**AIM OF THE EXERCISE**:
The listing below should be printed exactly, though its pictures must not be.

**STORED DATA**:
================

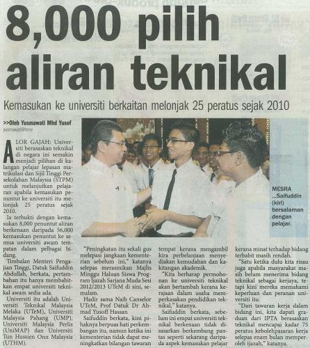 8,000 pilih aliran teknikal, kemasukan ke universiti berkaitan melonjak 25 peratus sejak 2010
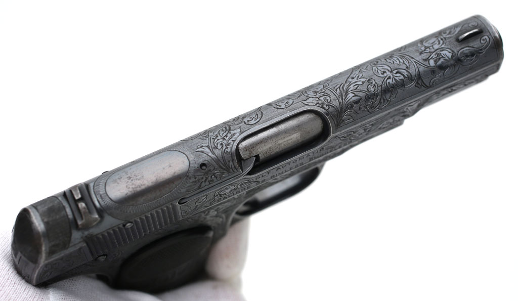 Colt Model 1903 Pocket Hammerless .32 ACP factory master engraved - (top of slide) serial number 293494, factory master engraved by William H. Gough. Engraved with Gough's floral and vine design of engraving and fine lined background.
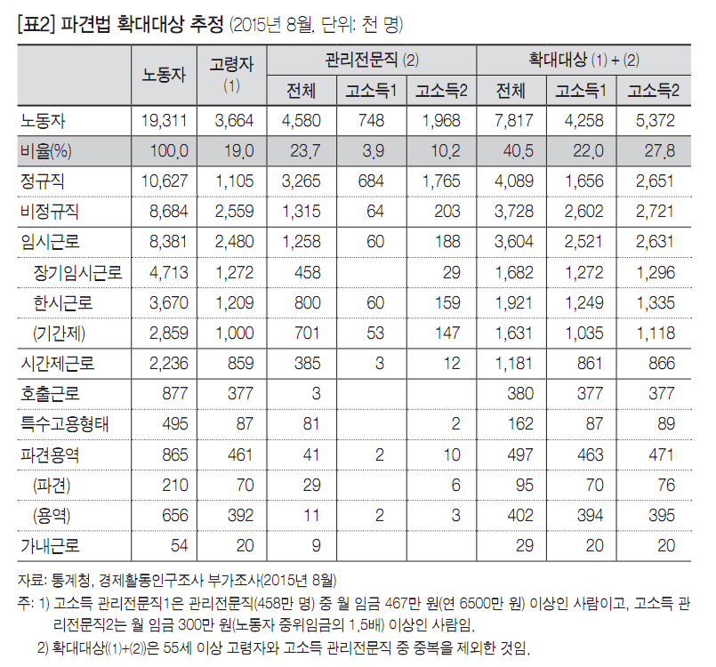 둘째, 정부안은 55세 이상 고령자 366만 명(전체 노동자의 19.0%)과, 고소득 관리전문직 75만 명(3.9%) 내지 197만 명(10.2%)에게 파견근로를 전면 허용하겠다는 것이다. 55세 이상 고령자와 고소득 관리전문직은 중복을 제외해도 426만 명(22.0%) 내지 537만 명(27.8%)이다. 전체 노동자 4명 중 1명꼴로 새로이 파견근로 대상에 추가하겠다는 것이다([표2] 참조).

================

**ANSWER FOR THIS EXERCISE**:
 8,000 pilih aliran teknikal, kemasukan ke universiti berkaitan melonjak 25 peratus sejak 2010
 Colt Model 1903 Pocket Hammerless .32 ACP factory master engraved - (top of slide) serial number 293494, factory master engraved by William H. Gough. Engraved with Gough's floral and vine design of engraving and fine lined background.
 둘째, 정부안은 55세 이상 고령자 366만 명(전체 노동자의 19.0%)과, 고소득 관리전문직 75만 명(3.9%) 내지 197만 명(10.2%)에게 파견근로를 전면 허용하겠다는 것이다. 55세 이상 고령자와 고소득 관리전문직은 중복을 제외해도 426만 명(22.0%) 내지 537만 명(27.8%)이다. 전체 노동자 4명 중 1명꼴로 새로이 파견근로 대상에 추가하겠다는 것이다([표2] 참조).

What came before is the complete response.